Watermelon Pests and Diseases: Complete Guide with Photos

Hello dear Agrohuerters! As promised, we continue with the summaries of the pests and diseases that can affect each of the crops in the garden. We already have the common pests and diseases in tomato and also in pepper. Today is the turn of the watermelon, a very typical fruit of this summer time. If your watermelon plant starts to get sick, you can find out in this article what may be attacking it.

Watermelon cultivation in the orchard.

caterpillars on watermelon

We come across some considerable-sized perforations through which, sometimes, we can see the caterpillar gobble up our fruit. You can also see gnawing on leaves, flowers, fruits and tender shoots, usually with droppings and NO SLIME (it gives us the clue that it is not a snail or slug).
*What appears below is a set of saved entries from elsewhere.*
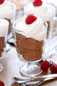 | Easy Chocolate Mousse Recipe chocolate, cream This dessert is so easy and you can either make it rich or just a little bit of that yummy chocolate flavour by adding more or less chocolate topping. This really is a delicious dessert and the family...
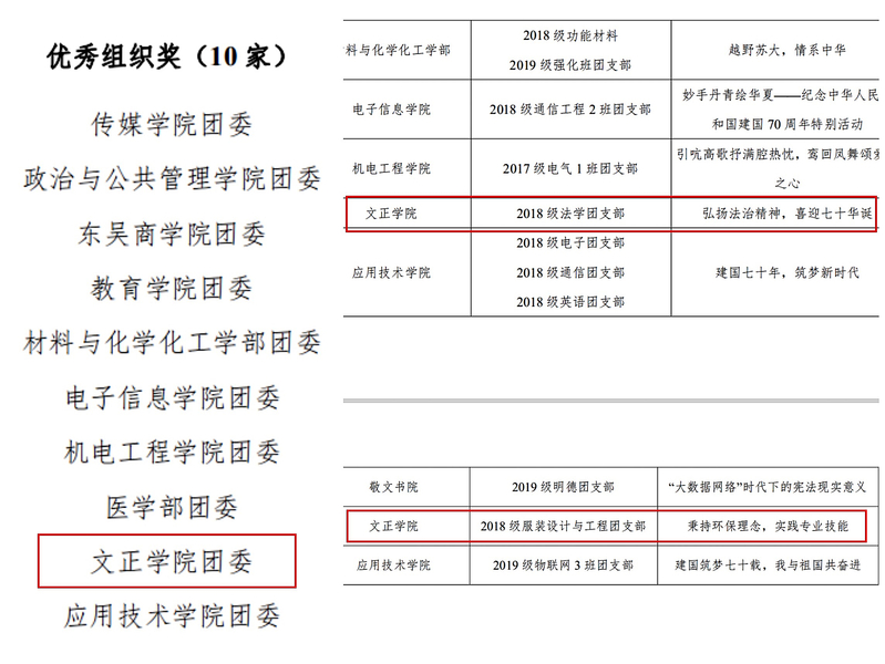 我院团委坚持中心工作,完善思想育人,在传统主题团日活动开展基础上,以“信仰公开课”为契机,全年共开展主题教育活动384场,覆盖全院1-3年级150余个团支部。在2019-2020年度苏州大学第一学期“优秀主题团日活动”评比中,2018级法学团支部“弘扬法治精神,喜迎七十华诞”主题团日荣获“十佳主题团日活动”称号,2018级服装设计与工程团支部“秉持环保理念,实践专业技能”主题团日荣获“优秀主题团日”称号,我院团委荣获优秀组织奖。
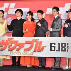 V6の岡田准一が26日、都内で行われた主演映画『ザ・ファブル 殺さない殺し屋』(6月18日公開)の公開直前プレミアムイベントに、共演の木村文乃、堤真一、安藤政信、山本美月、メガホンをとった江口カン監督とともに登壇した。
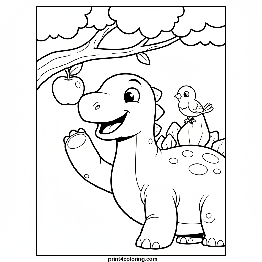 Join a friendly stegosaurus on a delightful fruit-picking adventure! This happy dinosaur is carefully reaching for a big, red apple on a low branch, while a tiny bird watches from its back. A perfect scene for young artists to bring to life with vibrant colors, imagining a prehistoric snack time.

The main caterpillar species that can affect watermelon are : Helicoverpa spp., Spodoptera spp., Autographa gamma, Chrysodeixis chalcites, Diaphania nitidalis, Diaphania hyalinata, etc.

Superficial bites in watermelon fruit due to feeding by Spodoptera spp. (Source: Andalusian Government)

In the post about caterpillars on plants there are more details of the symptoms and possible ways to eliminate a Lepidoptera pest.

watermelon aphids

Aphids produce downward curling and wrinkling of leaves. In addition, you can see colonies of these small dark or greenish insects, especially in the tender shoots of the developing plant. Another clue is the presence of molasses (sugary and sticky substance) and ants around them defending them.

The main aphid species that affect watermelon are: Myzus persicae, Aphis gossypii.

Here you can see a leaf infested with aphids

Whiteflies on watermelon leaves

We can see some white midges (which are not actually flies) with a characteristic erratic flight when shaking the plant. Also, like aphids, they release honeydew. They are usually arranged on the underside of the leaves.

White fly

Whitefly species: Trialeurodes vaporarium, Bermisia tabaci.

Spider webs on watermelon leaves

The red spider (Tetranychus urticae) is a mite that leaves discolored leaves with small dots and silks. If it affects significantly, it can cause desiccation and defoliation of the plant.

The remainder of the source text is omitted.